= DIRECTIONS FOR THIS TASK =
Please output the listing that follows exactly, but keep all images out.

= PROVIDED DATA =
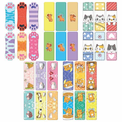 Закладки для книг МАГНИТНЫЕ, "АССОРТИ 5 ДИЗАЙНОВ ЗВЕРЯТА", 6 штук, 35x25 мм, FUNSTER (ФАНСТЕР), 116651
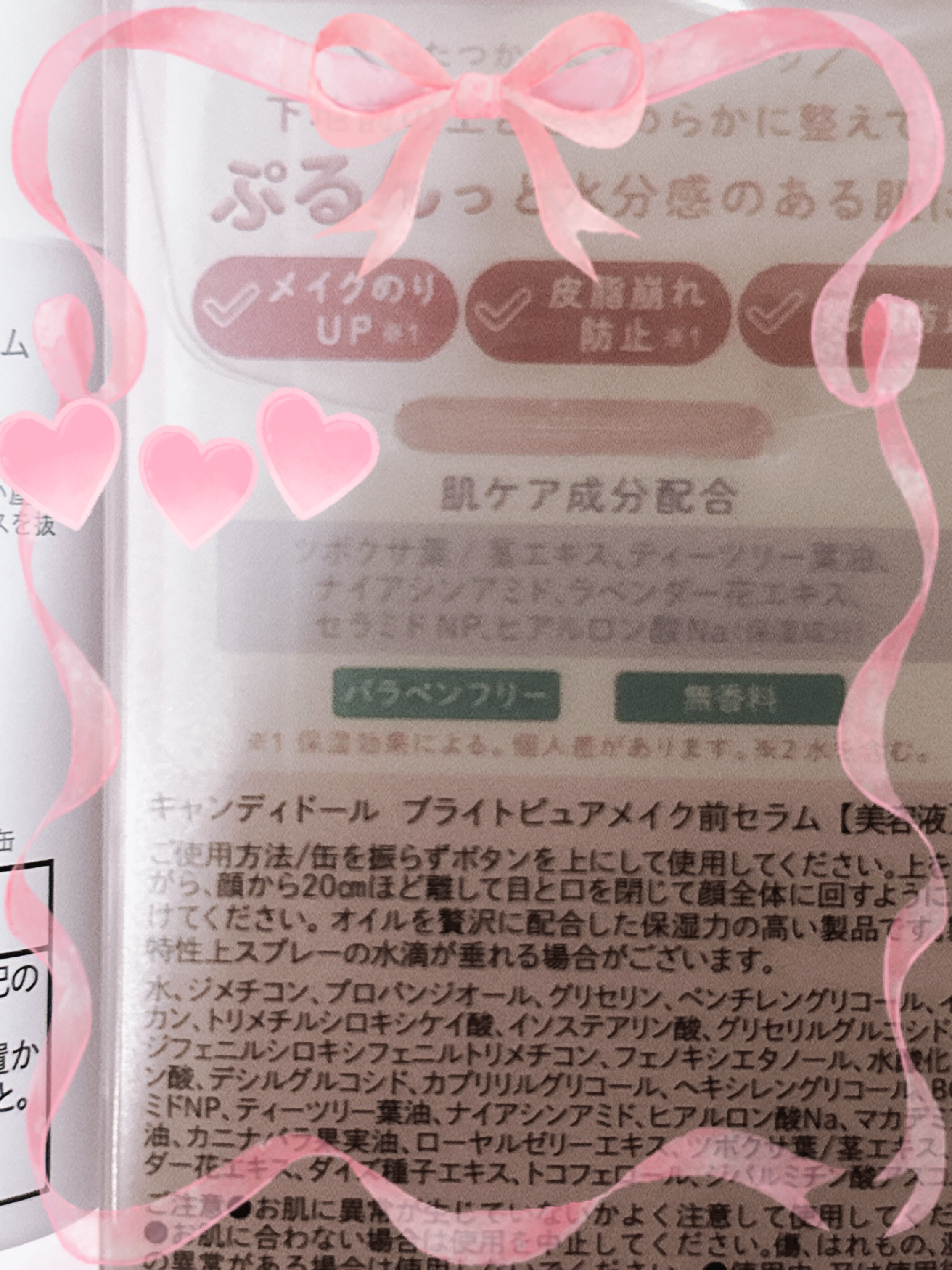 - <キャンディードール ブライトピュアメイク前セラム> 水、ジメチコン、プロパンジオール、グリセリン、ペンチレングリコール、イソドデカン、トリメチルシロキシケイ酸、イソステアリン酸、グリセリルグルコシド、窒素、ジフェニルシロキシフェニルトリメチコン、フェノキシエタノール、水酸化K、クエン酸、デシルグルコシド、カプリリルグリコール、ヘキシレングリコール、BG、セラミドNP、ティーツリー葉油、ナイアシンアミド、ヒアルロン酸Na、マカデミア種子油、カニナバラ果実油、ローヤルゼリーエキス、ツボクサ葉/茎エキス、ラベンダー花エキス、ダイズ種子エキス、トコフェロール、ジパルミチン酸アスコルビル
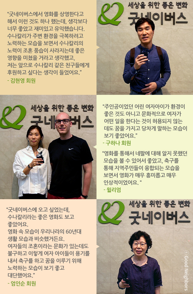 회원님들이 벅찬 기대와 함께 축구를 사랑한 네팔 소녀의 소중한 꿈과 열정을 담고 있는

= EXPECTED ANSWER =
 Закладки для книг МАГНИТНЫЕ, "АССОРТИ 5 ДИЗАЙНОВ ЗВЕРЯТА", 6 штук, 35x25 мм, FUNSTER (ФАНСТЕР), 116651
 - <キャンディードール ブライトピュアメイク前セラム> 水、ジメチコン、プロパンジオール、グリセリン、ペンチレングリコール、イソドデカン、トリメチルシロキシケイ酸、イソステアリン酸、グリセリルグルコシド、窒素、ジフェニルシロキシフェニルトリメチコン、フェノキシエタノール、水酸化K、クエン酸、デシルグルコシド、カプリリルグリコール、ヘキシレングリコール、BG、セラミドNP、ティーツリー葉油、ナイアシンアミド、ヒアルロン酸Na、マカデミア種子油、カニナバラ果実油、ローヤルゼリーエキス、ツボクサ葉/茎エキス、ラベンダー花エキス、ダイズ種子エキス、トコフェロール、ジパルミチン酸アスコルビル
 회원님들이 벅찬 기대와 함께 축구를 사랑한 네팔 소녀의 소중한 꿈과 열정을 담고 있는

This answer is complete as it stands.